Researchers at the University at Buffalo have found that fetuses of obese mother rats were programmed in utero to develop obesity in adulthood.
Moreover, they have shown for the first time that the metabolic programming occurs in the fetal hypothalamus, the area of the brain responsible for maintaining the body's energy homeostasis (body weight) throughout life.
Levels of the hormones insulin and leptin also were elevated in fetuses of these obese mother rats, abnormalities that have been correlated with increased appetite and insulin resistance (a prelude to diabetes), as well as obesity and hypertension.
"Our earlier studies looked at newborn rats of the obese mothers in the post-weaning period, so we didn't know how early this programming occurred," said Mulchand Patel, Ph.D., UB Distinguished Professor of Biochemistry and senior author on the study. "Now we know it occurs in utero and specifically in the hypothalamus.
"While these studies were done with rats, there is good reason to think the mechanism would be similar in humans," he said. " The fact that more than one-third of women of child-bearing age in the United States are expected to be overweight or obese during pregnancy, based on a 2003 study, does not portend well for good health of their offspring."

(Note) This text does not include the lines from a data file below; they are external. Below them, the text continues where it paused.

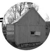
昭和35年の高下観測所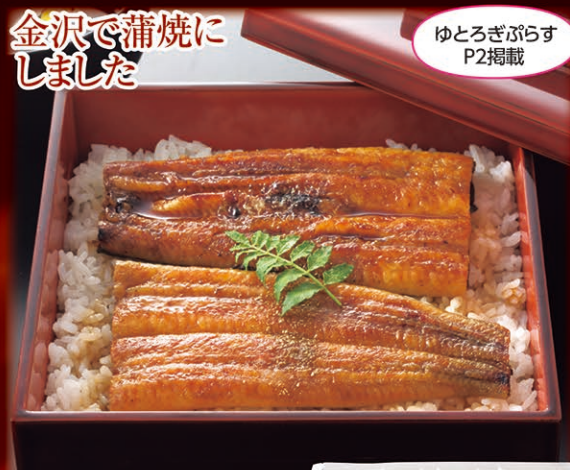
金沢で蒲焼にしました

019 3袋 1,400円 (税込1,512円) 1袋 税込504円 020 4袋 1,850円 (税込1,998円) 1袋 税込500円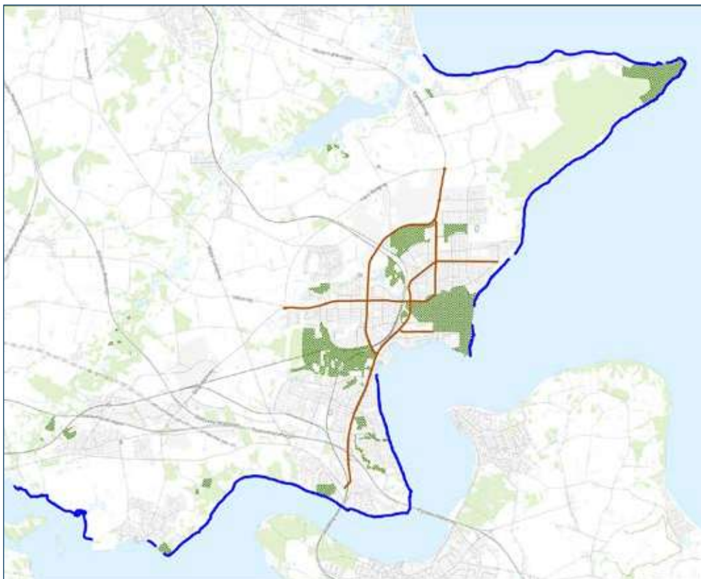
De relevante strandarealer er markeret med rødt (dog undtaget strandarealer markeret med Blå Flag)

Afhentning af større portioner af sække, affald mv. bestilles ved Drift & Service, der udfører dette på regning for nytteindsatsen.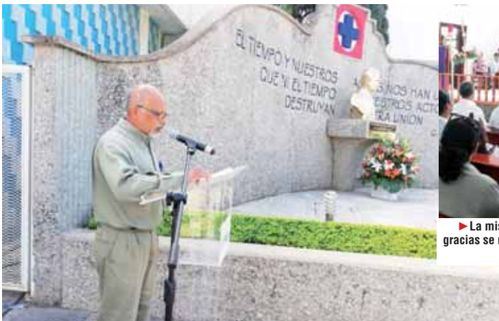
► Orador del 66 aniversario.

que continúa hasta nuestros días con los cambios estructurales que desde sus inicios los socios y trabajadores de la empresa Cruz Azul, S.C.L., y hoy en Cruz Hidalgo se tiene el horno número 10 y en Lagunas, Oaxaca el horno número 5, que vienen a mejorar la estructura de producción para estar a la vanguardia industrial.

The new findings were published in the October 2008 issue of the American Journal of Physiology, Endocrinology and Metabolism. Malathi Srinivasan, Ph.D., research scientist in the UB Department of Biochemistry, is first author.

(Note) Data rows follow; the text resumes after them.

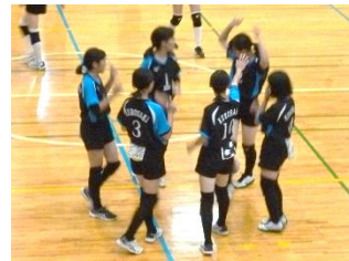
【女子バレーボール部】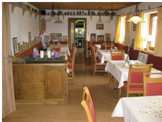
Tische und Stühle im Andreasstüberl.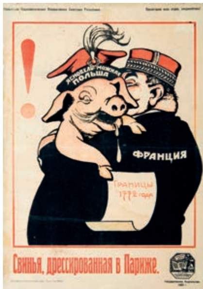
421. Sowiecki plakat propagandowy. 1920.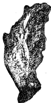
Feuille de Sempervivum tectorum L., après la sortie de la larve.

extrémité d'un rouge jaunâtre. Ses jambes et les tarses postérieurs sont d'un rouge jaunâtre, les premières portent une large bande brune, de sorte que le premier tiers de la jambe reste jaune. Ses tarses postérieurs sont bruns, de même que le dernier article des tarses antérieurs. A l'exception de quelques poils noirs, courts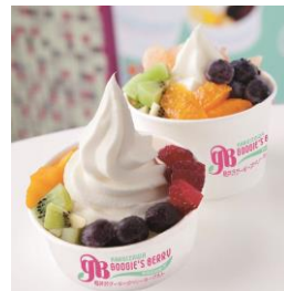
＜ゲーギース フローズンヨーグルト＞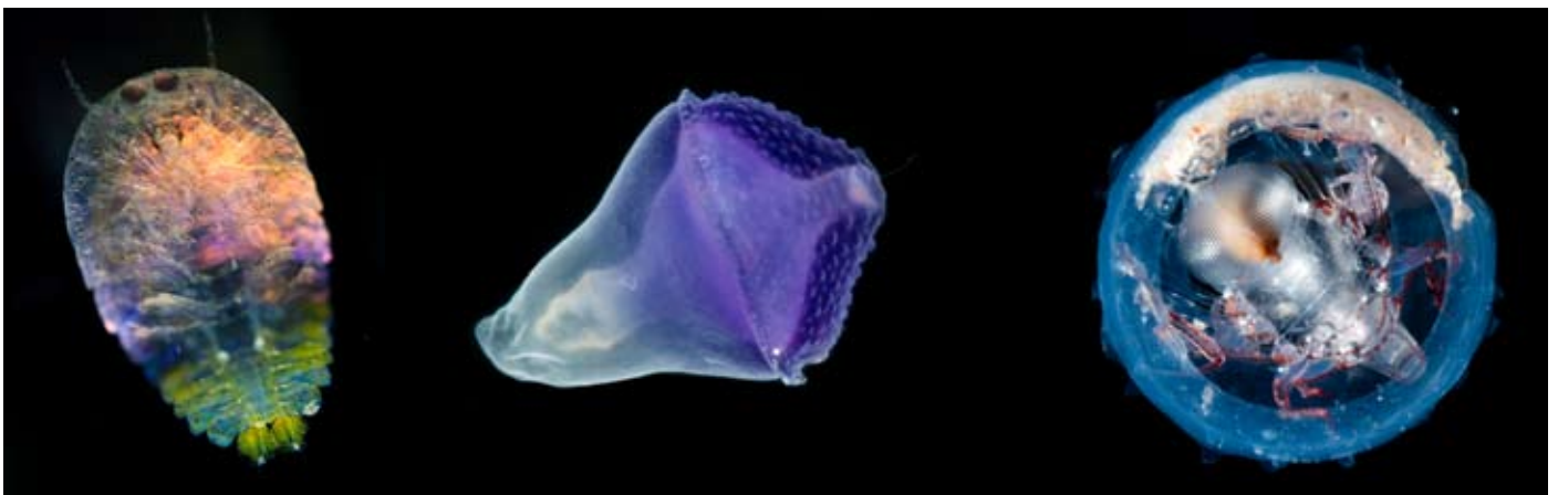
Photo 1 : ©C.Sardet-CNRS-Tara-Oceans Photos 2 et 3 : Organisme marin ©M.Ormestad-Kahikai-Tara Oceans / http://www.planktonchronicles.org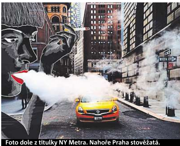
Foto dole z titulky NY Metra. Nahoře Praha stověžatá.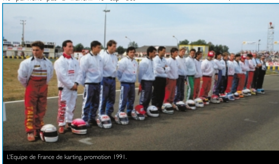
L'Equipe de France de karting, promotion 1991.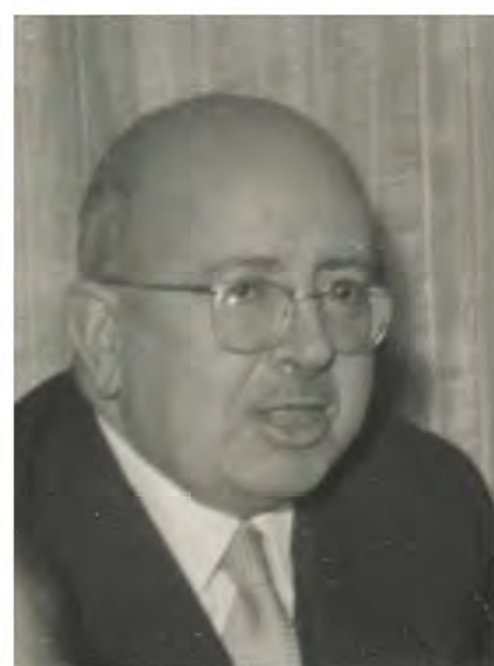
Dámaso Alonso. ES.10037-ADPCC/04.02.50.08//AFRI/A-2/alonso/33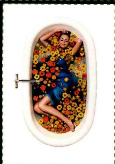
第6章 商品图片的抠图与创意合成 去除抠图之后的像素残留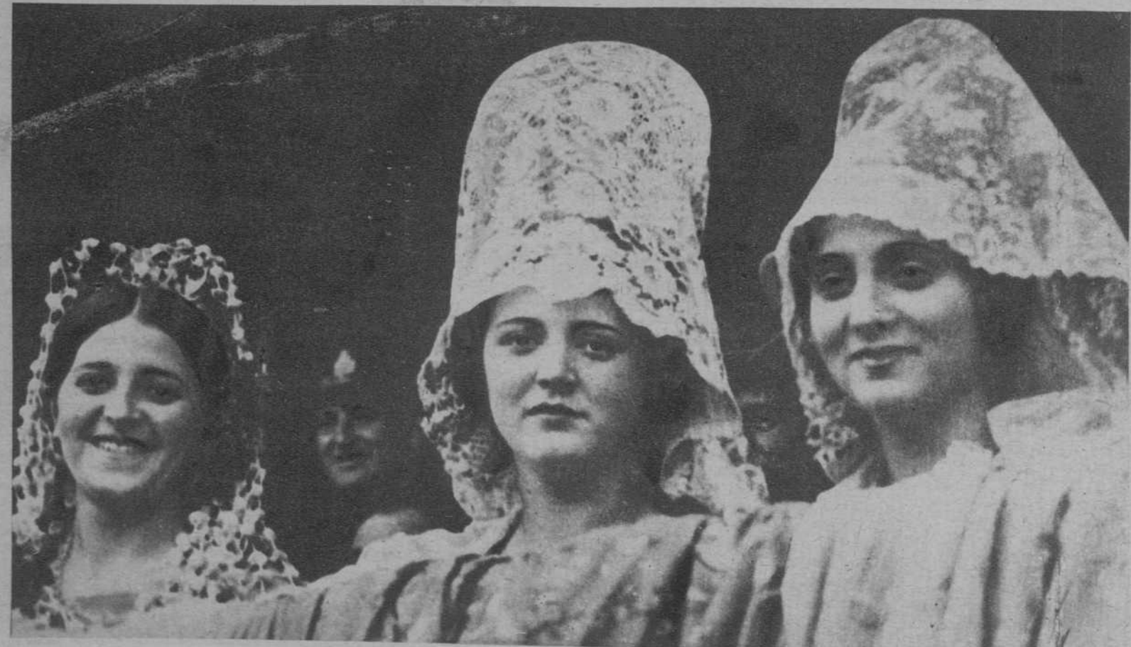
Las bellezas representantes de Valencia, Castilla y Cataluña, elegidas en 1930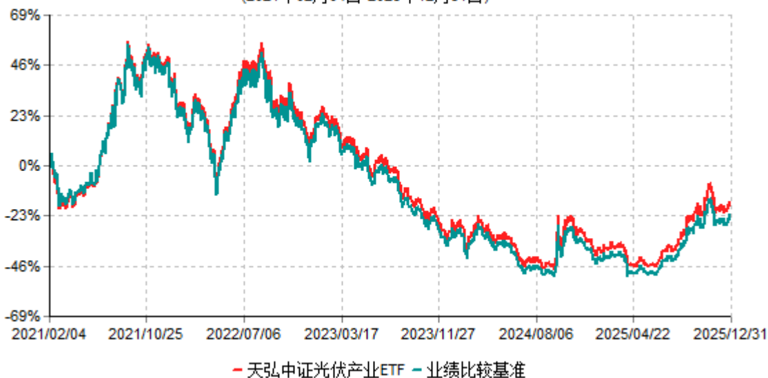
天弘中证光伏产业ETF累计净值增长率与业绩比较基准收益率历史走势对比图 (2021年02月04日-2025年12月31日)

注：1、本基金合同于2021年02月04日生效。 2、本报告期内，本基金的各项投资比例达到基金合同约定的各项比例要求。

Metabolic programming, sometimes called dietary patterning, isn't a new phenomenon, Patel noted. "Epidemiologic studies of malnourished mothers showed that their babies often were underweight and at increased risk for several chronic diseases as adults. Animal studies on maternal protein malnourishment or caloric restriction have shown that pre- and immediate postnatal nutritional modifications have long-term consequences on adult-onset diseases."

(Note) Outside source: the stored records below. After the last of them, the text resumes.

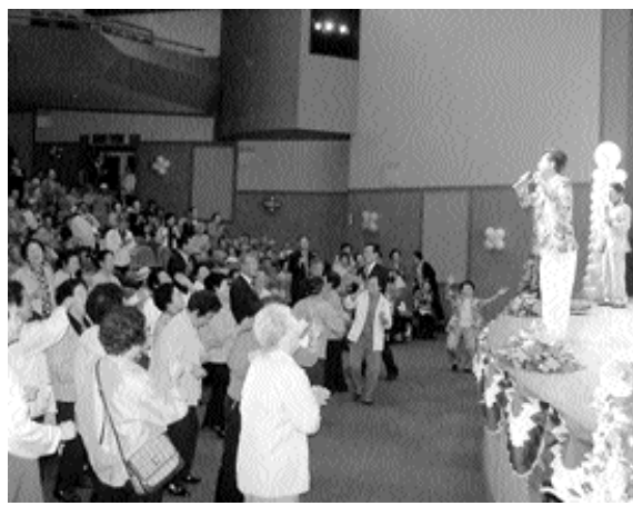
초청가수와 참여한 노인들이 노래와 춤을 함께하며 즐거운 한때를 보내고 있다

내 어르신 1000여명을 모시고 제11회 노인의 날 기념행사를 가졌다. 식전행사로 사물놀이, 에어로빅 시범이 열리고, 모범노인 및 노인복지봉사활동 기여자 표창수여와 기념식 행사, 생기 넘치고 발랄한 밸리댄스, 2부 행사는 한마음 화합의장 공연을 열었다. 이날 행사를 더욱 뜻 깊고 알차게 진행하기 위해 지역출신 가수과 유명가수를 초청해 노래하고 춤을 추었으며, 다양한 즉석 이벤트 행사로 어르신들이 함께 동참할 수 있는 무대를 마련하고, 행사 중 행운권 추첨을 통해 푸짐한 선물도 준비해 참여한 많은 어르신들에게 흥겹고 신명나는 즐거움을 선사해 뜨거운 호응을 얻었다. 이번 행사를 계기로 노인들이 행복한 사천시를 만들어 나가기 위해 노인일자리사업을 확대해 나가고 여가활동 활성화를 위해 다양한 프로그램을 지원해 나갈 계획이다.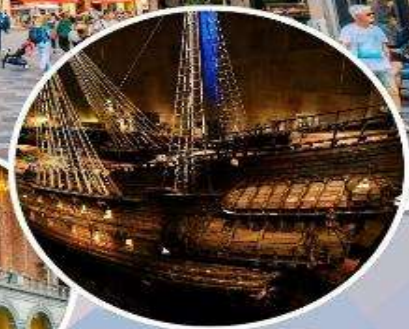
เข้าชม "พิพิธภัณฑ์เรือวาซา"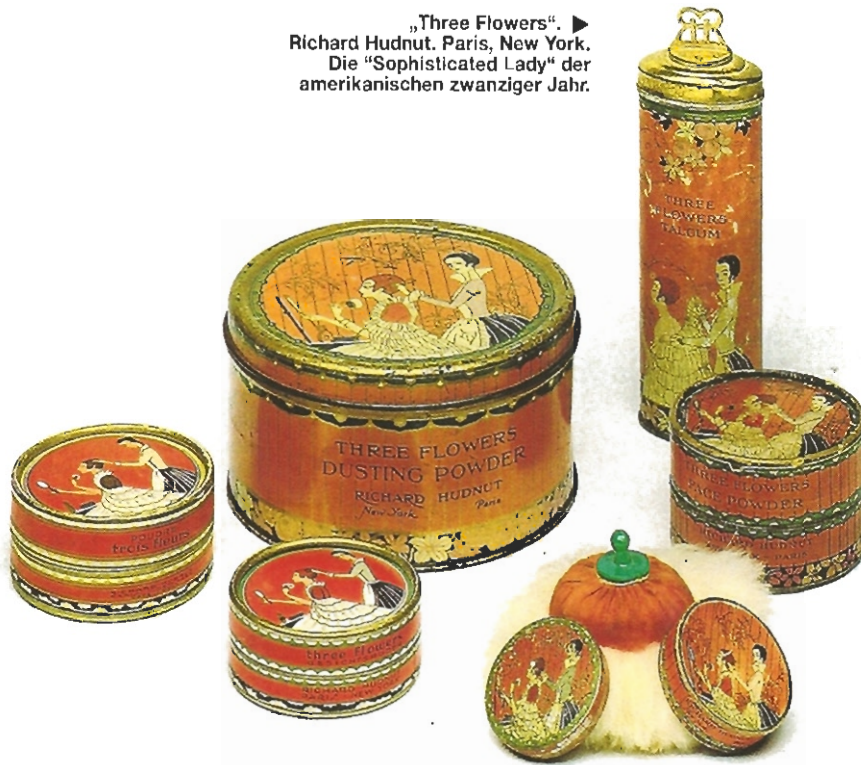
„Three Flowers“. ► Richard Hudnut. Paris, New York. Die „Sophisticated Lady“ der amerikanischen zwanziger Jahr.

Patel and colleagues are pioneers in the investigation of metabolic programming effects when the composition of the diet is manipulated -- changing the percentages of carbohydrates and fat, while keeping calories constant.
Patel reported evidence of metabolic programming in 2002, when his laboratory showed that in rats, consumption of a milk formula high in carbohydrates during the critical early weeks of postnatal life caused permanent changes in pancreatic islets, leading to overproduction of insulin and development of obesity in adulthood.
"Metabolic signals are reset in response to a high carbohydrate milk formula given to newborn rats during the suckling period, which induces permanent changes at the molecular level in our rat model," Patel said. "The HC (high carbohydrate) phenotype is maintained for life and is spontaneously transmitted to succeeding generations."
Unlike many models investigating the role of maternal obesity on their offspring, the mother rats used in this study consumed normal laboratory chow during pregnancy, Paten noted.
"Our findings that malprogramming effects induced during fetal development in the altered intrauterine environment in obese mother rats predispose the offspring for adult-onset obesity underscore the importance of women maintaining optimal conditions during their pregnancies," said Patel.
Additional contributors to the study were Catherine Dobbs and Tao Gao, from the UB Department of Biochemistry; Hasam Ghanim and Paresh Dandona, from the UB Department of Medicine; and Peter J. Ross and Richard W. Browne, from the UB Department of Biotechnical and Clinical Laboratory Sciences -- all part of UB's School of Medicine and Biomedical Sciences.
Ghanim and Dandona also are affiliated with Kaleida Health's Diabetes and Endocrinology Center of Western New York.
Patel's research is supported in part by grants from the National Institutes of Health.